Un des grands atouts de l'Excalibur 42mm est son confort. Les cornes sont courbées et épousent parfaitement le poignet. C'est au porté que le cadran satiné soleil s'apprécie le plus car il capte facilement la lumière et crée de beaux reflets dans sa version fond argent. La version fond gris est plus subtile, plus discrète. Les chiffres se fondent alors plus dans le cadran jusqu'à presque s'estomper. Le choix entre les deux couleurs de cadran est important car esthétiquement, elles provoquent des perceptions très différentes. J'ai ici une préférence pour le cadran fond argent, plus dynamique et qui fait plus ressortir le dessin des chiffres romains.
Avec l'Excalibur 42mm Automatique, Roger Dubuis a souhaité présenter une montre 3 aiguilles au tarif ajusté tout en conservant les principaux attraits de la marque: un mouvement automatique à micro-rotor, un boîtier possédant un soupçon d'originalité, un cadran aux chiffres caractéristiques. Malgré quelques défauts comme la position du sous-cadran, le bilan de cette Excalibur 42mm Automatique est très positif car le contenu horloger demeure solide pour un prix très attractif dans la version acier, autour de 13.000 euros, le tout accompagné du Poinçon de Genève et du COSC! Avec la Monégasque Acier, elle constitue donc le moyen le plus économique de rentrer dans l'univers de Roger Dubuis.

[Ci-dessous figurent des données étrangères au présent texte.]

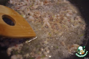 И лук-порей. Обжариваем минутку, солим и перчим - по вкусу. Соль здесь лучше использовать морскую, а перец - свежемолотый. Эх... Но я использовала.. Так правда вкуснее!
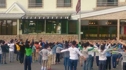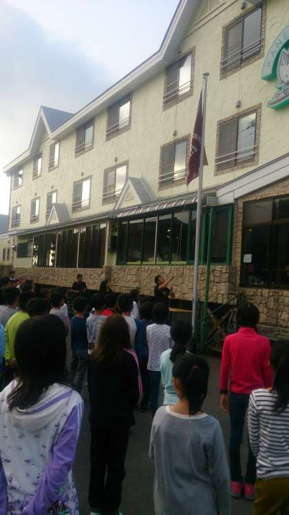 少し眠そうな児童もいますが、元気いっぱいがんばります。

A ce titre, elle s'adresse aux amateurs à la recherche d'une montre de haute horlogerie au tarif contenu et qui souhaitent éviter de tomber dans le classicisme absolu. Je ne peux que saluer la démarche de Roger Dubuis qui propose dans son catalogue deux montres différentes d'entrée de gamme en acier respectant les critères de qualité de la Manufacture.
Merci à l'équipe Roger Dubuis pour son accueil pendant le SIHH 2012.